First, we note the inclusion criteria for our patient population, consisting of older adults residing in Ohio and admitted to home health care in the 30-day window before or after cancer diagnosis. On the one hand, limiting our study to this patient population may compromise the generalizability of our findings, especially because being eligible for home health care implies being homebound and with greater complexity of care needs than those not admitted to home health care²⁷. On the other hand, we note that because of the 30-day window around the time of cancer diagnosis, we believe that our patient population may be representative of the community-dwelling elderly population with cancer, not receiving home health care. We speculate that these patients may have experienced functional decline following receipt of cancer treatment, and then admitted to home health care. As well, provider and psycho-social characteristics may have influenced their likelihood to be admitted to HHC following receipt of cancer treatment. A comparison of HHC with non-HHC patients on demographics and cancer stage (all stages combined) revealed the breast cancer/HHC patients were slightly older than their non-HHC counterparts, with a greater representation of patients aged 75–79 years of age among the HHC group than in the non-HHC group. As well, we note a greater proportion of African Americans in the HHC than in the non-HHC group for both breast and colorectal cancer patients (10.4% vs. 7.1% and 9.4% vs. 7.9% in breast and colorectal cancer patients, respectively). Finally, we note a greater representation of patients with regional-stage cancer in the HHC group compared with their non-HHC counterparts, but a considerably larger proportion of unknown stage/unstaged cases in the non-HHC than in the HHC group¹⁴.
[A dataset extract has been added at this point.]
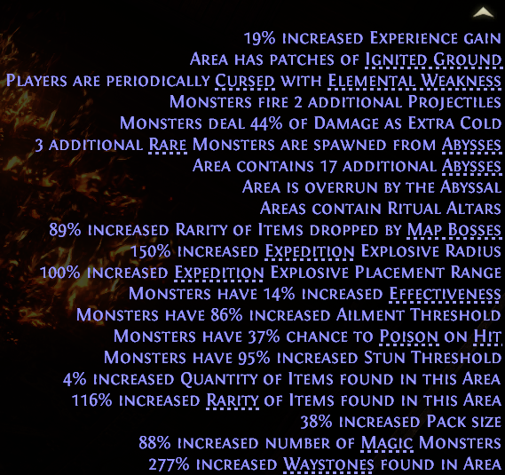 - 2 spirits - 1 Essence mob - 1 abyss - 2 Ritual alters I've been spec'd into "Spreading Darkness" (always have 4 ritual alters) for a while now. I've also ran an abyssal overrun derelict mansion before, and it contained 4 alters with mobs spread out on both levels, and the correct number of "Additional Abysses". Overall the map had 3 total rares including the essence and barely 50 mobs! The mods for the map: ![]() Last edited by Zugtug#3579 on Jan 4, 2026, 2:48:49 PM Last bumped on Jan 4, 2026, 2:47:49 PM
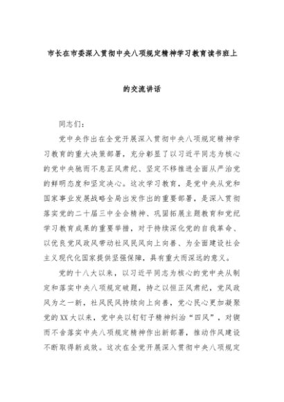 【七哥公文】2025年:市长在市委深入贯彻中央八项规定精神学习教育读书班上的交流讲话+更多免费公文+VX:QiGeGongWen2024

Second, given that our data originated from administrative sources, the accuracy and completeness of clinical data may be compromised, at least to some extent: a) as noted above, we were bound to use the SEER-summary cancer stage rather than the more detailed AJCC staging, and this may have resulted in a less refined categorization of the variable on standard treatment; b) comorbidities may be under-reported in the OASIS, as noted above; and c) inaccuracies in the OASIS may also have affected other variables used in deriving our measures of functional limitations and geriatric syndromes.

Because of the above limitations, we believe that these findings should be replicated in larger studies that would make it possible to fully evaluate the effects of multimorbidity relative to cancer treatment and outcomes in older adults. Furthermore, future assessments of outcomes should encompass changes in health and functional status, in addition to survival. However, such research endeavors require a suitable data infrastructure that captures a broad spectrum of carefully designed measures, preferably collected prospectively, that can be used to answer various research questions in cancer and aging.

The absence of such a data infrastructure at present warrants us to make best use of existing secondary data to study pertinent questions. Indeed, while building on a framework proposed by Balducci and Extermann, we were not only limited in defining our study cohort, but also by the variables available through the OASIS, especially when defining the conditions under the rubric of geriatric syndromes. Unfortunately, existing secondary databases present serious limitations – ranging from total absence of data on components of the CGA, as with the SEER-Medicare data, to the difficulties in adapting the available measures to our analytic needs, as we have done in the present study.

In closing, we note the importance of accounting for the co-occurrence of functional limitations and geriatric syndromes along with comorbid conditions in studying receipt of cancer treatment and outcomes. While our findings do not provide a basis to recommend more or less standard therapy among patients with multimorbidity, we believe that the results presented herein inform the discussion on future directions of research in cancer and aging. Before treatment recommendations can be made, it is imperative that studies on multimorbidity be repeated in larger and representative groups of older adults with cancer.